There was short time to celebrate, even had there been greater inclination. The Guard was fast reforming. Their ranks were still impressively superior in size to those of the invaders, whose small force seemed to Rolf’s eye to have been drastically diminished. He started to count how many were still on their feet, and then decided he would rather not.
Now once again the Demon-Lord was drifting slowly closer, his image rolling like a troubled cloud. The screen of protective magic that Gray had thrown up before Zapranoth yielded to the demon’s pressure but stayed squarely in his path.
Neither Loford nor Gray had ducked or dodged or moved a hand to save themselves as yet. Around them tall protective shields had been held up, by the minor wizards who had abandoned any thought of dueling Zapranoth themselves. More than one had fallen, by stone or arrow, of these men protecting Gray and Loford. Neither one of the two strong wizards had been struck by any material weapon, but anyone looking at their faces now might think that both were wounded.
A darkness like the dying of the sun fell round the two tall magicians now. It was the shadow cast by Zapranoth as he loomed nearer. And now, for the first time on this field, his voice came booming forth: “Are these the wizards of the West who seek to murder me? Ho, Gray, where is my life? Will you pull it out now from your little satchel?” Still the thin gray screen before him held, but now it flared and flickered raggedly, and still he slowly pressed it back.
“Come now,” boomed Zapranoth, “favor me with an answer, mighty magician. Admit me to your august company. Let me speak to you. Let me touch you, if only timidly.”
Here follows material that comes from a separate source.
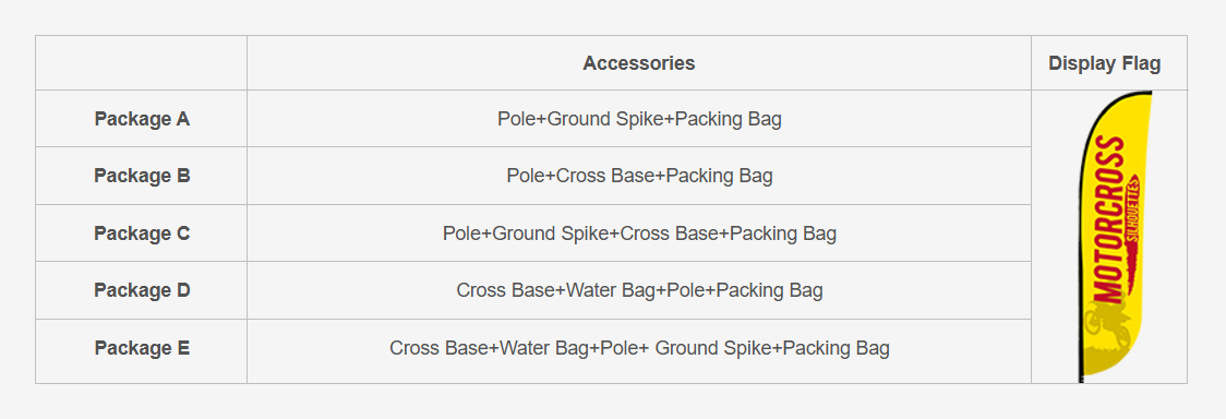 We provide 5 packages with different hardware and accessories. A cross base is perfect for any flat surface, it can be used with our water base to add extra support. And the ground spike can be used in grass or soil to add stability to your display flags. You can pick any one of them to install the custom feather flag with absolute balance and strength.

At that Loford gave a weak cry and toppled, senseless, and would have struck the ground headlong if some standing near him had not caught him first.
Now Gray stood alone against the pressure of the dark shape above. He cried out too, and swayed, but did not fall. Instead he straightened himself with some reserve of inner strength, and with his arms flung wide set his fingers moving in a pattern as intricate as that a musician makes upon a keyboard. There sprang up gusts of wind as sudden and violent as the firing of catapults, so men who stood near Gray were thrown to the ground, and dust and pebbles were blasted into the air, in savage streams that crisscrossed through the heart of Zapranoth before they lost velocity and fell in a rain of dirt into the citadel three hundred meters distant.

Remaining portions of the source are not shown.